AVAILABLE RECORDS:
--*--

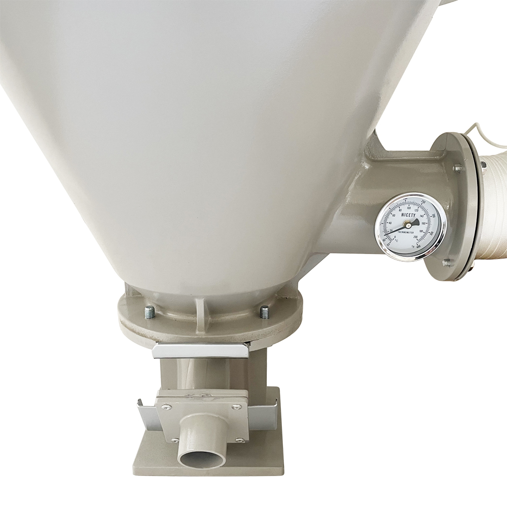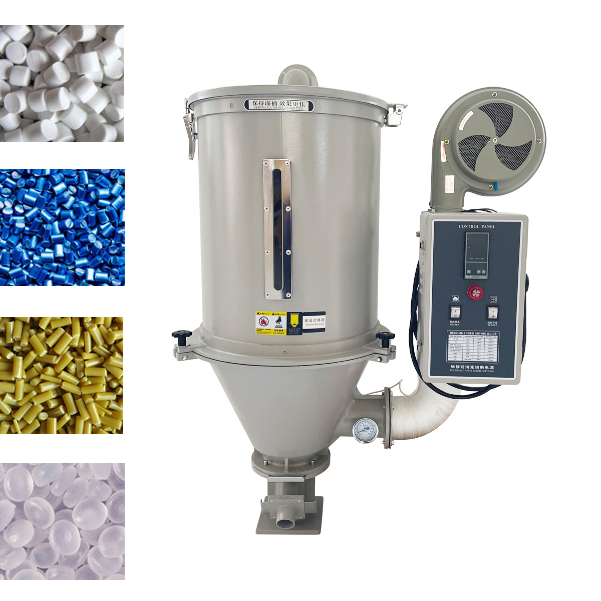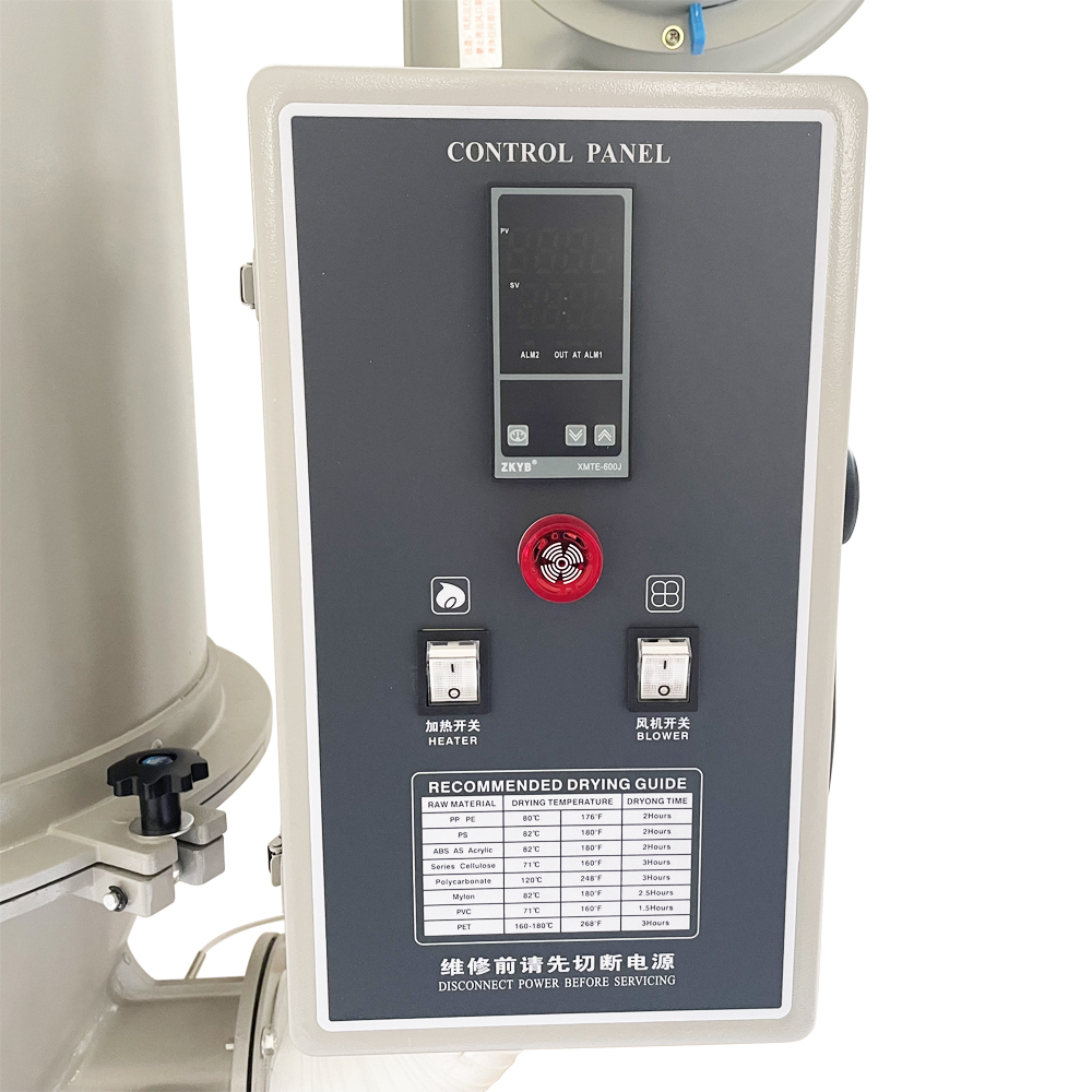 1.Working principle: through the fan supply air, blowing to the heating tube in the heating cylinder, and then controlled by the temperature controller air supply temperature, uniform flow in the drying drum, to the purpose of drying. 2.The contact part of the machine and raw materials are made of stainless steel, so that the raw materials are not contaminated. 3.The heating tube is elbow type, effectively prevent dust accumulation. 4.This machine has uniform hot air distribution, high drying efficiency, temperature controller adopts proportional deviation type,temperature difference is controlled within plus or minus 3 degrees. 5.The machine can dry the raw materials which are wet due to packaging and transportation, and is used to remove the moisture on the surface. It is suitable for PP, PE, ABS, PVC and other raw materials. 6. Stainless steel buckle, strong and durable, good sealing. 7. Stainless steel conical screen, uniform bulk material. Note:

--*--

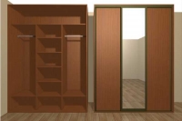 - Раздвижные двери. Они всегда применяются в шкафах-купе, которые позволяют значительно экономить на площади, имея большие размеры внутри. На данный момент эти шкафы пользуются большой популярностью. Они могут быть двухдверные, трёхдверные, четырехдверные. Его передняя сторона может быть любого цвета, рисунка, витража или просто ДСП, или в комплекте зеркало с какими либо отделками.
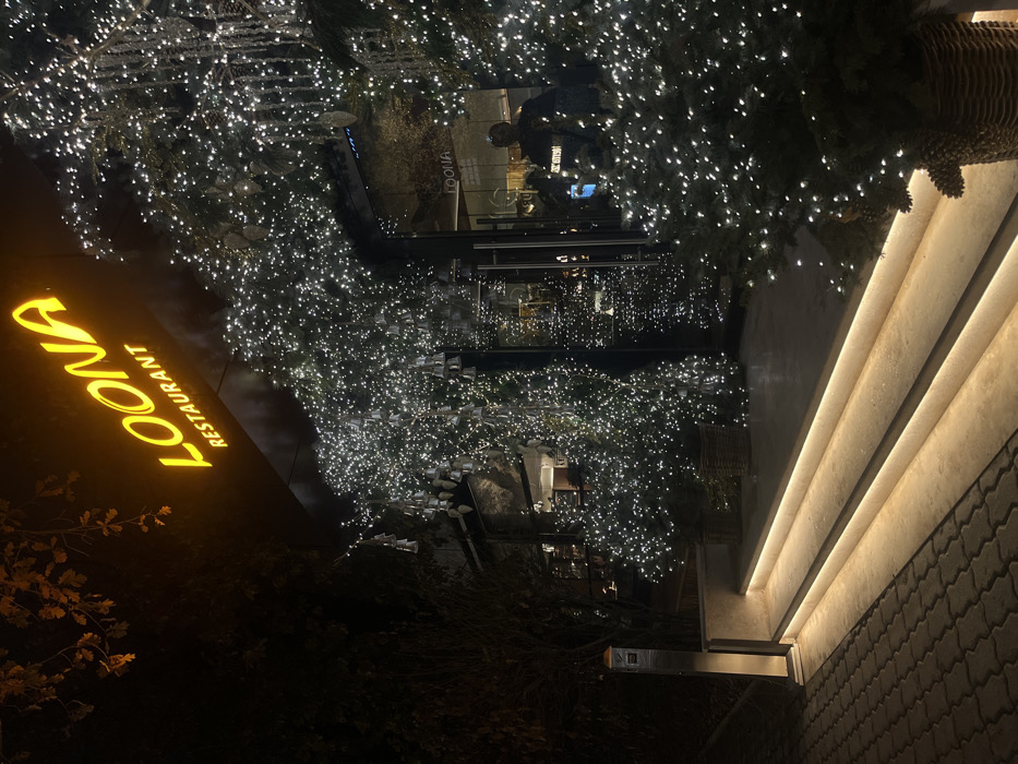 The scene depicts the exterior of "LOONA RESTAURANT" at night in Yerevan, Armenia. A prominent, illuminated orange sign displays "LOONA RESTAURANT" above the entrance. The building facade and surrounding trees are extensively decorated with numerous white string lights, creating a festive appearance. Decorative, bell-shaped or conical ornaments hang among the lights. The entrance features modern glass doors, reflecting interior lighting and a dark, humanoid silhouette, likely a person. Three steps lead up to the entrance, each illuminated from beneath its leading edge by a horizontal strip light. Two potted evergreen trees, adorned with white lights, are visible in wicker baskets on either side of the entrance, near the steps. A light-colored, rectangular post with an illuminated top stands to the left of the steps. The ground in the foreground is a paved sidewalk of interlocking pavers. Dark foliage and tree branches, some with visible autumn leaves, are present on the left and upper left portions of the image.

--*--

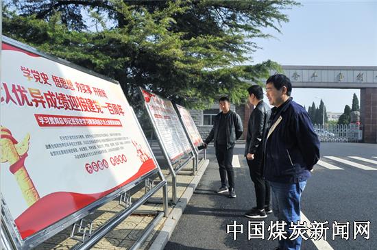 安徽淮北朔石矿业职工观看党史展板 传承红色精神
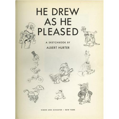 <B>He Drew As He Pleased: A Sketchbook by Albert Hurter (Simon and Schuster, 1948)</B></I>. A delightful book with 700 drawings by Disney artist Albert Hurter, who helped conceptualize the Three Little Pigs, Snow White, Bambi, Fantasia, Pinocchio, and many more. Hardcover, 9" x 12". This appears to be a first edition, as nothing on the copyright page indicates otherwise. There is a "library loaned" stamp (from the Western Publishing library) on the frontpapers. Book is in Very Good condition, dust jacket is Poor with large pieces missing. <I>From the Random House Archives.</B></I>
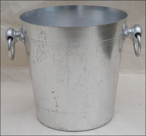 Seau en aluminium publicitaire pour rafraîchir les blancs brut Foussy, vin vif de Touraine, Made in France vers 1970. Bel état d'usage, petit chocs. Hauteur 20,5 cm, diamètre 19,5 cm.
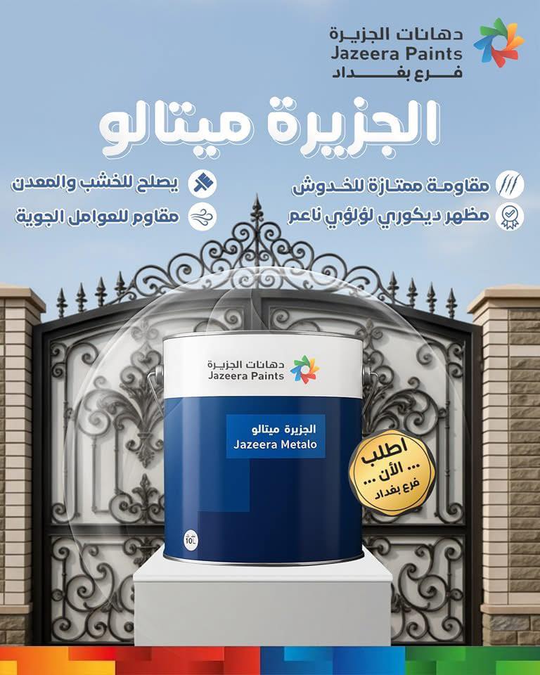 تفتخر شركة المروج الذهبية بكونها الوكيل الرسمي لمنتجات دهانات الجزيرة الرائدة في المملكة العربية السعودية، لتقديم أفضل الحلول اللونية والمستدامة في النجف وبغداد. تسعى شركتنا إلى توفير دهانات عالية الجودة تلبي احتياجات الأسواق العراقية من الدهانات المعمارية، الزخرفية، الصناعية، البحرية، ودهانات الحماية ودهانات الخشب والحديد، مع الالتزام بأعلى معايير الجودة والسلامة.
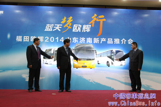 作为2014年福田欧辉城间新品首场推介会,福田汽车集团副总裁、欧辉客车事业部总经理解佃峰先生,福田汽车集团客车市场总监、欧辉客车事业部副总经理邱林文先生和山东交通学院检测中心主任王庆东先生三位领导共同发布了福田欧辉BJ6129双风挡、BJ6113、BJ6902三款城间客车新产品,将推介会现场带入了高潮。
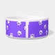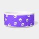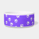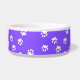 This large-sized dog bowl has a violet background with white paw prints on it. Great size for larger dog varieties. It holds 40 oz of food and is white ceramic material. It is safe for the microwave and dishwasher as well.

--*--

WHAT YOU HAVE TO DO:
Leaving pictures out, output the lines of the data above from the one with "تفتخر شركة المروج" through the one with "This large-sized dog", word for word.

ANSWER SPACE:
 تفتخر شركة المروج الذهبية بكونها الوكيل الرسمي لمنتجات دهانات الجزيرة الرائدة في المملكة العربية السعودية، لتقديم أفضل الحلول اللونية والمستدامة في النجف وبغداد. تسعى شركتنا إلى توفير دهانات عالية الجودة تلبي احتياجات الأسواق العراقية من الدهانات المعمارية، الزخرفية، الصناعية، البحرية، ودهانات الحماية ودهانات الخشب والحديد، مع الالتزام بأعلى معايير الجودة والسلامة.
 作为2014年福田欧辉城间新品首场推介会,福田汽车集团副总裁、欧辉客车事业部总经理解佃峰先生,福田汽车集团客车市场总监、欧辉客车事业部副总经理邱林文先生和山东交通学院检测中心主任王庆东先生三位领导共同发布了福田欧辉BJ6129双风挡、BJ6113、BJ6902三款城间客车新产品,将推介会现场带入了高潮。
 This large-sized dog bowl has a violet background with white paw prints on it. Great size for larger dog varieties. It holds 40 oz of food and is white ceramic material. It is safe for the microwave and dishwasher as well.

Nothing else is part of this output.